Unusual effects of an engineered disulfide on global and local protein stability.

Abstract

The global and local stabilities of a eukaryotic ferricytochrome c variant with an engineered disulfide are examined. The disulfide connects position 20, which is usually a valine, to position 102, which is usually a threonine. The cross-linked variant is approximately 1.2 kcal mol-1 less stable than the wild-type protein at 298 K, pH 4.6, in H2O and D2O. Circular dichroism studies show that the decreased stability results from structure-induced stabilization of the denatured state [Betz, S. F., & Pielak, G. J. (1992) Biochemistry 31, 12337-12344]. Here, we use proton chemical shift, paramagnetic shift, and amide proton exchange data to obtain atomic level structural and energetic information. Chemical and paramagnetic shift data indicate only minor native state structural changes. Local stability is obtained from amide proton-deuterium exchange data, using model peptide intrinsic exchange rates.
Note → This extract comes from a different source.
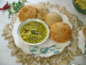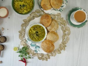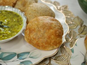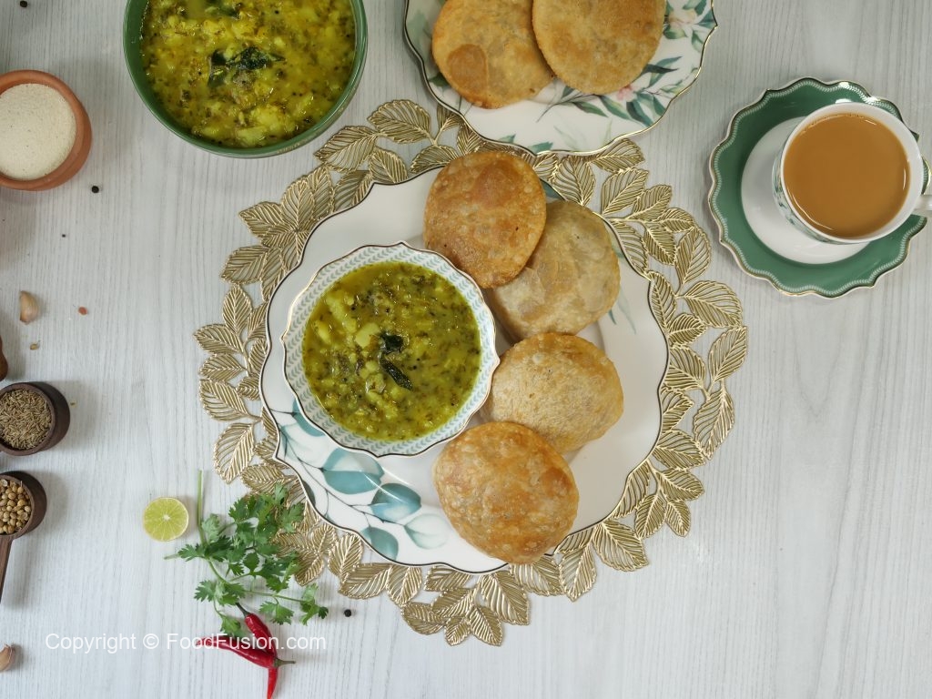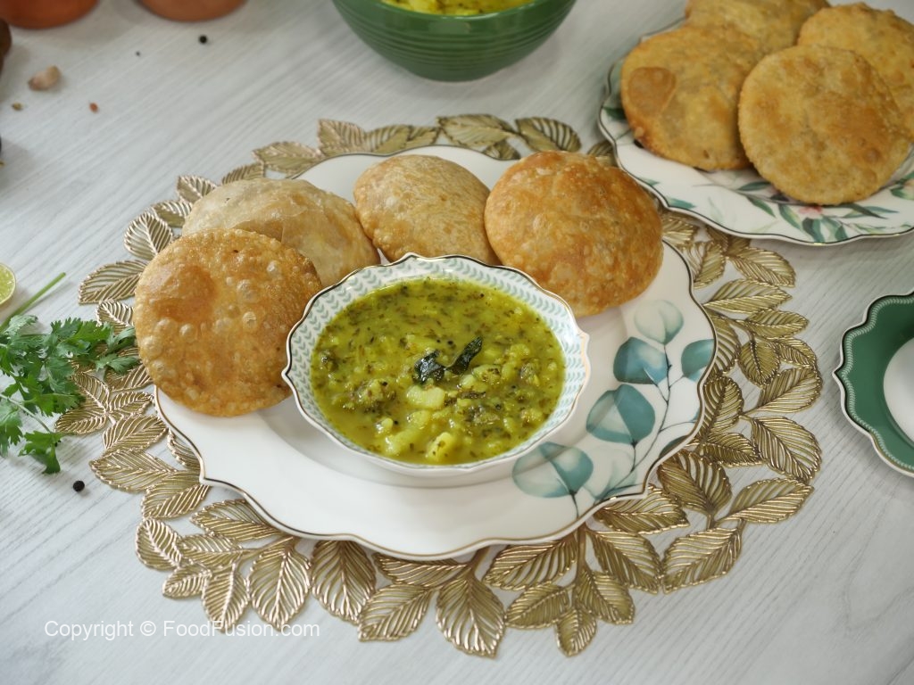 -Serve masala kachori with aloo bharta!

As expected, the exchange data indicate that cross-link incorporation decreases the majority of local stabilities. Near the cross-link, however, local stability seems to increase despite the overall global stability decrease. Furthermore, local stability changes for hydrophobic core residues seem to be greater than the global stability change. We interpret these observations as cross-link-induced changes in exchange competent states and relate them to changes in the denatured state.